As for Roosevelt and Pearl Harbor, he and his associates were free to do as they pleased in the name of the United States.They were the executives in charge, and they operated in secret. But was their foreign policy wise?


There are intelligent people who, looking back at the historical record today, realize that FDR was intent upon deliberately provoking Japan, and that Pearl Harbor was a set-up for launching the U.S. into the war in Europe to save the Soviet Union and the career of Winston Churchill. Nevertheless, they regard it under the circumstances as an astute move by Roosevelt, entirely justifiable. I am not one of them.


Congressman Fish points out in his book that the American people were, at the time of the Danzig crisis in the summer of 1939, 97% in favor of keeping out of another war in Europe unless America were attacked. They had learned a lesson from World War I. He adds, "Over the years the percentage was reduced from 97% to 85% and remained the same right up to the attack on Pearl Harbor." In sum, Roosevelt and his inner circle went against the expressed wishes of the overwhelming majority of the American people of both the Right and the Left.
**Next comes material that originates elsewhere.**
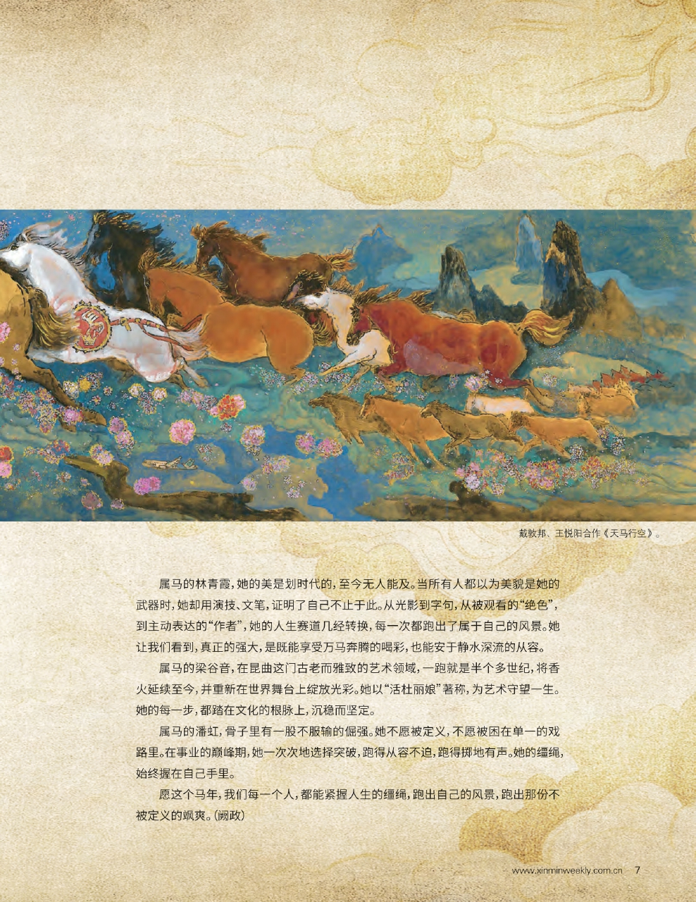 属马的林青霞,她的美是划时代的,至今无人能及。当所有人都以为美貌是她的武器时,她却用演技、文笔,证明了自己不止于此。从光影到字句,从被观看的“绝色”,到主动表达的“作者”,她的人生赛道几经转换,每一次都跑出了属于自己的风景。她让我们看到,真正的强大,是既能享受万马奔腾的喝彩,也能安于静水深流的从容。属马的梁谷音,在昆曲这门古老而雅致的艺术领域,一跑就是半个多世纪,将香火延续至今,并重新在世界舞台上绽放光彩。她以“活杜丽娘”著称,为艺术守望一生。她的每一步,都踏在文化的根脉上,沉稳而坚定。

Thanks to his determined, reckless foreign policy with respect to Japan, Roosevelt caused the deaths of almost 2,500 American military personnel at Pearl Harbor, all to further his and Churchill's private agenda. It was a crime, but was it a mistake? It was both.


--Copyright 2010 Patrick Foy--


Update: A letter from a reader of the article on Taki’s Magazine:


“Since the release of the FDR-Churchill cables (except for the 11/26/1941 communique that is still classified--probably informing FDR that the British had cracked Japan's timetable for attacking Pearl Harbor), Robert Stinnett's Day of Deceit and the 8-point 1940 memo by head of naval intelligence Arthur H. McCollum on how to goad Japan into attacking the US first, there's really no question anymore that Washington and Downing St. both had foreknowledge of the impending attack. The only issue anymore is whether you believe FDR and his cabinet were justified in deceiving America into going to war or not.”